- _Work item_: Please return the data word for word and leave out any picture it contains.

- _Data segment_:
:::::

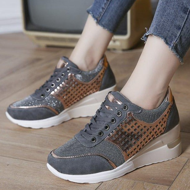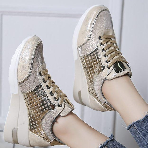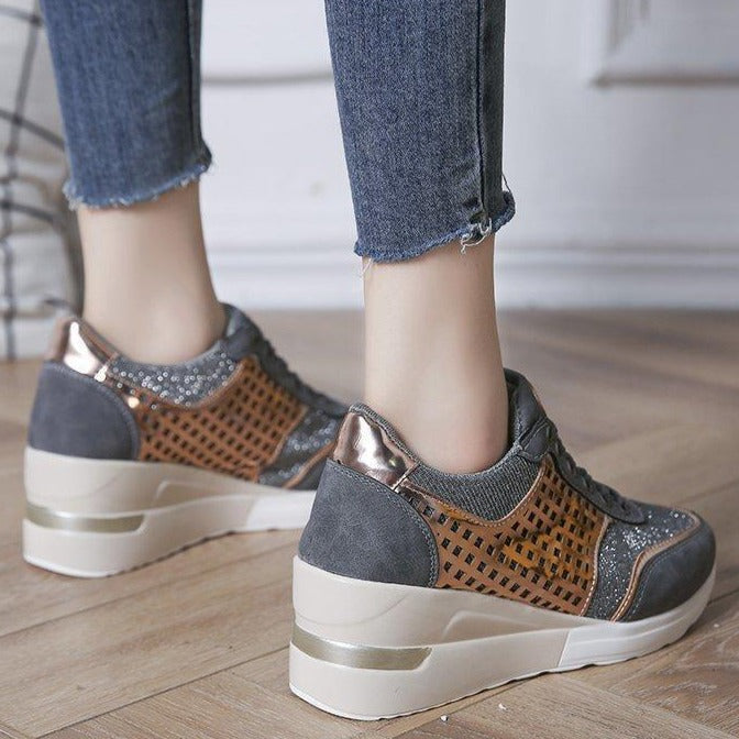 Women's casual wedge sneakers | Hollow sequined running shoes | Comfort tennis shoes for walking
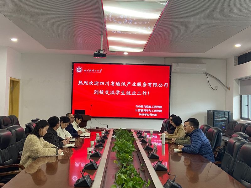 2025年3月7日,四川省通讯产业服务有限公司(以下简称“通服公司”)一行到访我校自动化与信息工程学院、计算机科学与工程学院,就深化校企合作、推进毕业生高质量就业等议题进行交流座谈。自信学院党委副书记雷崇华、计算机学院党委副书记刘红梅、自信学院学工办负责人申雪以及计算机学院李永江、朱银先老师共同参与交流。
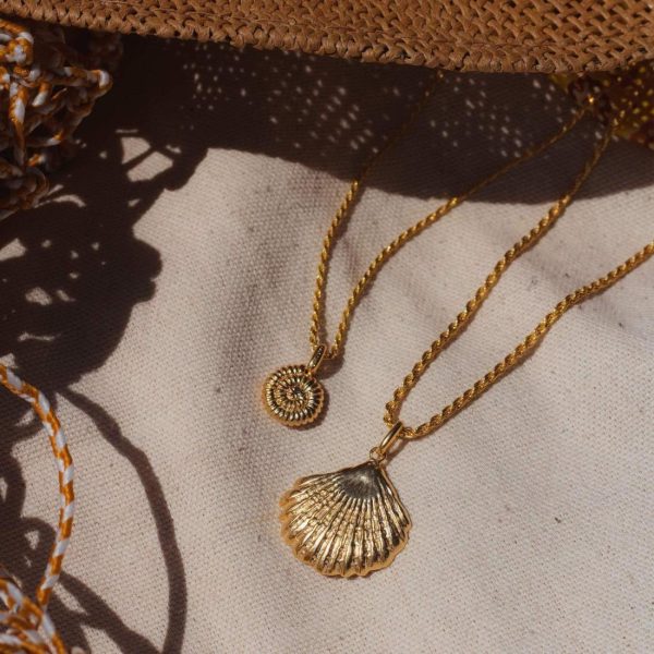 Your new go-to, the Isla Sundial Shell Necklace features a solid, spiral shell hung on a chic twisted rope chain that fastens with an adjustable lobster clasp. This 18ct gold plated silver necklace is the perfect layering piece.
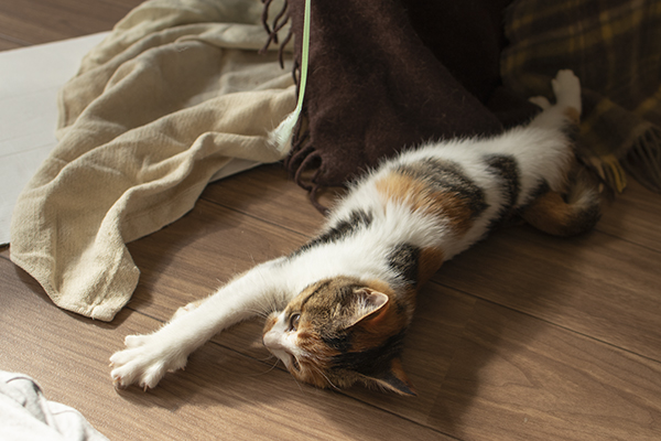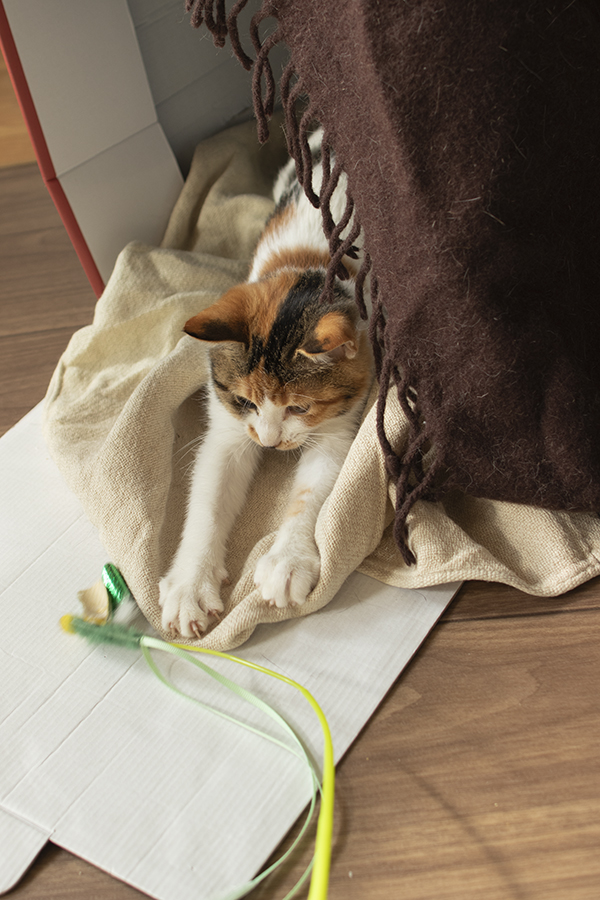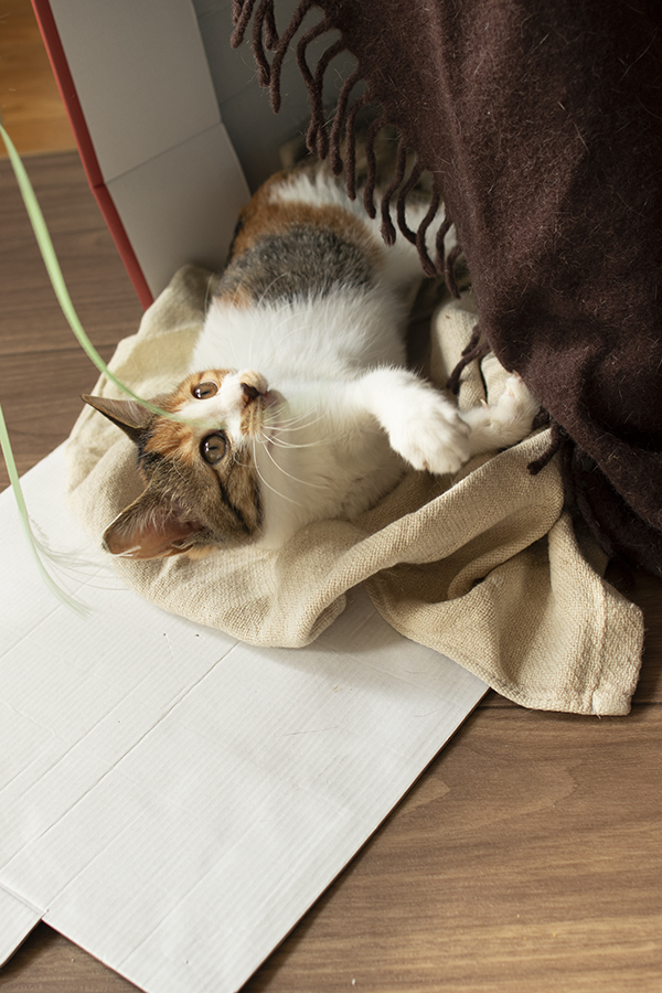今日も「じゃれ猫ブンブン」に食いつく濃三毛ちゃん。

:::::

- _Output below_:
 Women's casual wedge sneakers | Hollow sequined running shoes | Comfort tennis shoes for walking
 2025年3月7日,四川省通讯产业服务有限公司(以下简称“通服公司”)一行到访我校自动化与信息工程学院、计算机科学与工程学院,就深化校企合作、推进毕业生高质量就业等议题进行交流座谈。自信学院党委副书记雷崇华、计算机学院党委副书记刘红梅、自信学院学工办负责人申雪以及计算机学院李永江、朱银先老师共同参与交流。
 Your new go-to, the Isla Sundial Shell Necklace features a solid, spiral shell hung on a chic twisted rope chain that fastens with an adjustable lobster clasp. This 18ct gold plated silver necklace is the perfect layering piece.
今日も「じゃれ猫ブンブン」に食いつく濃三毛ちゃん。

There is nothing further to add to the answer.